◆ Task ◆
In the material below, pictures must be dropped. Repeat exactly, and only, the lines from the line with "Однорядная установка —" to the line with "Three forms of", both ends included.

◆ The input ◆
+---+
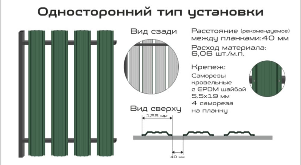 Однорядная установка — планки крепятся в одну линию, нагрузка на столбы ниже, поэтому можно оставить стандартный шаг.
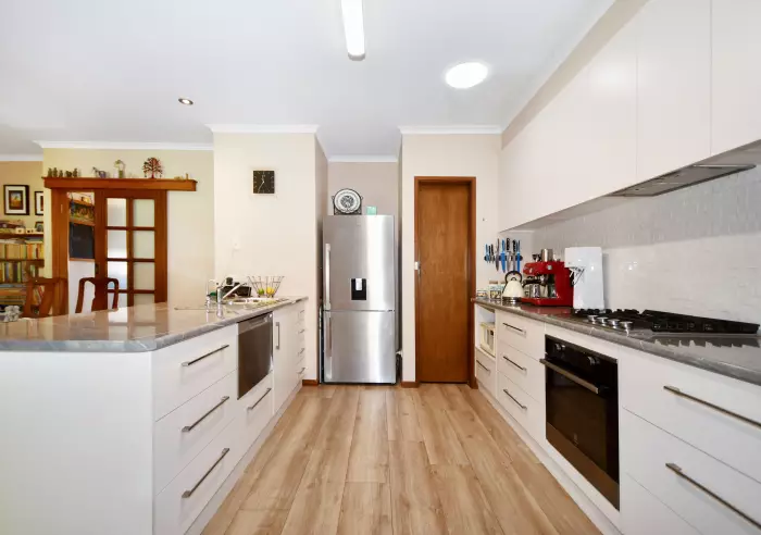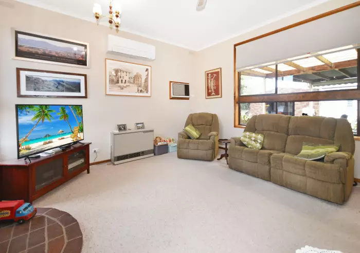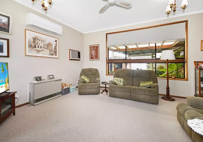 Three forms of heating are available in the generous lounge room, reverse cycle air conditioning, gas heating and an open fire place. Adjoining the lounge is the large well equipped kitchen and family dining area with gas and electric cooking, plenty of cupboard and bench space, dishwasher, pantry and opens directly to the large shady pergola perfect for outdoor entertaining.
+---+
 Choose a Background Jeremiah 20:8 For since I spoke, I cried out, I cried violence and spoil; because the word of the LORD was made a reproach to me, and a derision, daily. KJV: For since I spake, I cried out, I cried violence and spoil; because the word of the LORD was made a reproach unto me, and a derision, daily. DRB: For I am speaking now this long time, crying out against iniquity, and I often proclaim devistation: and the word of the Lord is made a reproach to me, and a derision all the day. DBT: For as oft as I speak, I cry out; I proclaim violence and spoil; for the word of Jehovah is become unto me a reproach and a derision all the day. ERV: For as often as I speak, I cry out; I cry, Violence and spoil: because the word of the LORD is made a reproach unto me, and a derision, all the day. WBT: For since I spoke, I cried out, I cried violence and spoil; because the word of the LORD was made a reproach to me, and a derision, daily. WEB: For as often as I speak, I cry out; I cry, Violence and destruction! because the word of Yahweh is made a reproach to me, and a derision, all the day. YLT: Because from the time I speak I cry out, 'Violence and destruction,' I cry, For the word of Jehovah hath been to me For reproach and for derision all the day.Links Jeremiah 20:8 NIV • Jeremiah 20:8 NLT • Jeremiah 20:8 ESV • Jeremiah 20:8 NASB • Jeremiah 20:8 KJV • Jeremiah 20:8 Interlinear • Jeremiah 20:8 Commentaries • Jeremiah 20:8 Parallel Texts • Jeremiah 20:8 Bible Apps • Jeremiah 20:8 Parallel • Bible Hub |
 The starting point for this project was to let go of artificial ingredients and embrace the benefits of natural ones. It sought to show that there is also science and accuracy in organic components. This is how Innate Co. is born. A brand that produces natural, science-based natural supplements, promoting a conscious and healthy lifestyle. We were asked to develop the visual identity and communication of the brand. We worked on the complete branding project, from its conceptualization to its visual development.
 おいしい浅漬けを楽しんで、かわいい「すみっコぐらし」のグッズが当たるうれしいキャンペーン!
+---+
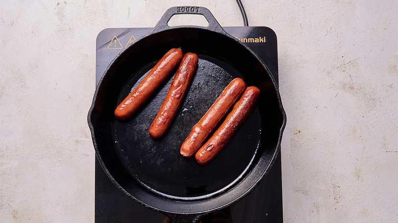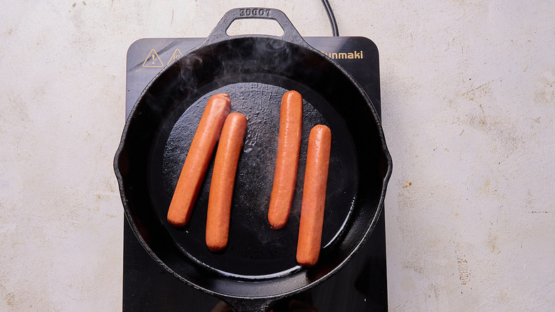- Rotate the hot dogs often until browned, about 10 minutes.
+---+
◆ Exercise output ◆
 Однорядная установка — планки крепятся в одну линию, нагрузка на столбы ниже, поэтому можно оставить стандартный шаг.
 Three forms of heating are available in the generous lounge room, reverse cycle air conditioning, gas heating and an open fire place. Adjoining the lounge is the large well equipped kitchen and family dining area with gas and electric cooking, plenty of cupboard and bench space, dishwasher, pantry and opens directly to the large shady pergola perfect for outdoor entertaining.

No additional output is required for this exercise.